[Records from a data source]

--------------------

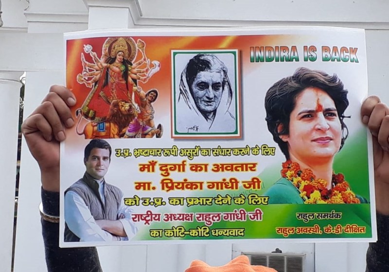 राहुल गांधी समर्थक राहुल अवस्थी और केडी दीक्षित की तरफ से लगाए गए इन पोस्टर में प्रियंका गांधी को दुर्गा का अवतार बताया गया है। पूर्व प्रधानमंत्री इंदिरा गांधी की तस्वीर इस पोस्टर में दिखाई दे रही है। पोस्टर में साथ ही लिखा गया है कि उत्तर प्रदेश में भ्रष्टाचारी रूपी असुरों का संहार करने के लिए प्रियंका गांधी के रूप में मां दुर्गा का अवतार हुआ है। उन्हें यूपी में प्रभार देने के लिए राष्ट्रीय अध्यक्ष राहुल गांधी को धन्यवाद। वहीं कांग्रेस के गढ़ रायबरेली व अमेठी में भी प्रियंका गांधी को पार्टी में कमान दिए जाने पर कार्यकर्ताओं ने जमकर जश्न मनाया। इसके लिए उन्होंने राहुल गांधी को बधाई भी दी।
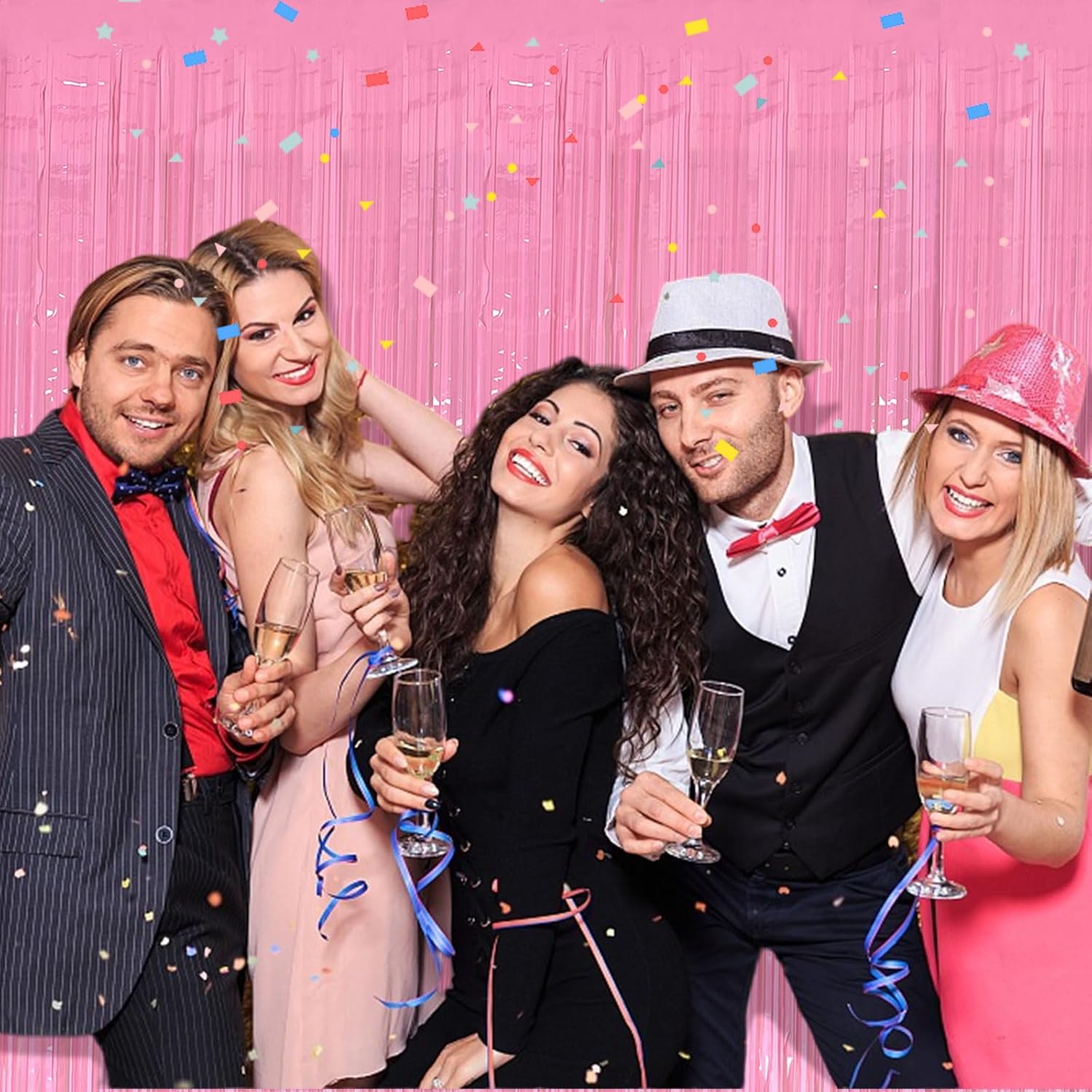 2 Pack Party Backdrop Decorations Pink Tinsel Curtain Party Backdrop Foil Fringe Birthday Decorations Photo Booth Streamer Pink Theme Bachelorette Graduation Decor
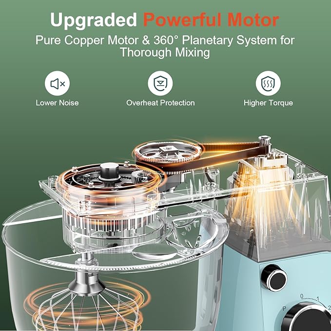 - Durability and Style - This lastest Howork stand mixer equips with 300W high performance pure copper motor and sturdy ABS housing. kitchen mixer practices a combination of classical and popular,which can not only meet the various aesthetic needs but works more perfectly and effectively in your kitchen.
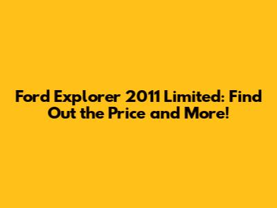 Hey guys! Are you curious about the Ford Explorer 2011 Limited and trying to figure out its price? You've come to the right place. In this article, we'll dive deep into everything you need to know about the Ford Explorer 2011 Limited, including what you can expect to pay, its features, reliability, and overall value. Whether you're considering buying one or just doing some research, let's get started!
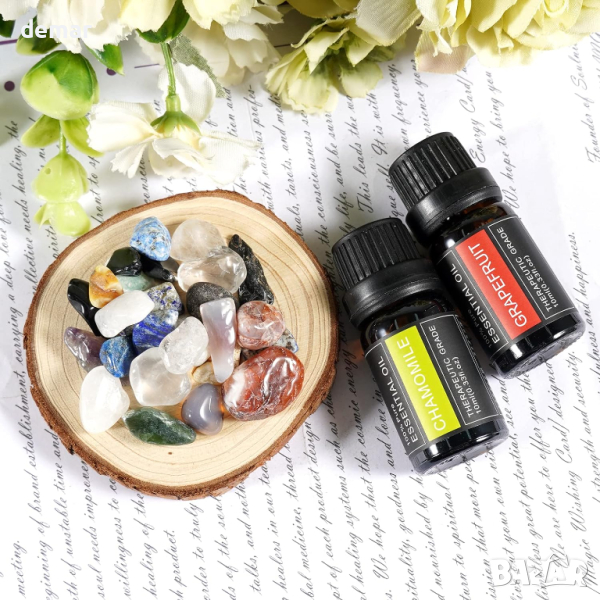 Soulnioi Декоративен поднос с черни обсидианови камъни, 2 ароматерапевтично масло лайка + грейпфрут
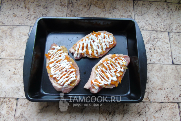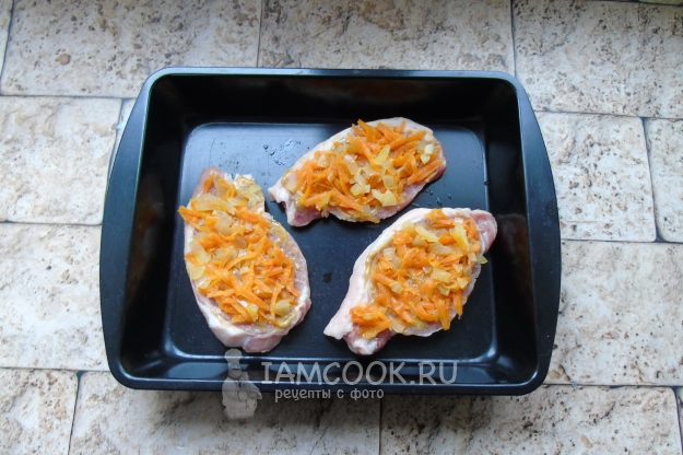 После разложите морковь с луком на ломтики свинины.

--------------------

## Task to complete
Quote exactly, and nothing besides, the lines from the one with "2 Pack Party" through the end of the records above; include both ends and omit the pictures.

## Response area
 2 Pack Party Backdrop Decorations Pink Tinsel Curtain Party Backdrop Foil Fringe Birthday Decorations Photo Booth Streamer Pink Theme Bachelorette Graduation Decor
 - Durability and Style - This lastest Howork stand mixer equips with 300W high performance pure copper motor and sturdy ABS housing. kitchen mixer practices a combination of classical and popular,which can not only meet the various aesthetic needs but works more perfectly and effectively in your kitchen.
 Hey guys! Are you curious about the Ford Explorer 2011 Limited and trying to figure out its price? You've come to the right place. In this article, we'll dive deep into everything you need to know about the Ford Explorer 2011 Limited, including what you can expect to pay, its features, reliability, and overall value. Whether you're considering buying one or just doing some research, let's get started!
 Soulnioi Декоративен поднос с черни обсидианови камъни, 2 ароматерапевтично масло лайка + грейпфрут
 После разложите морковь с луком на ломтики свинины.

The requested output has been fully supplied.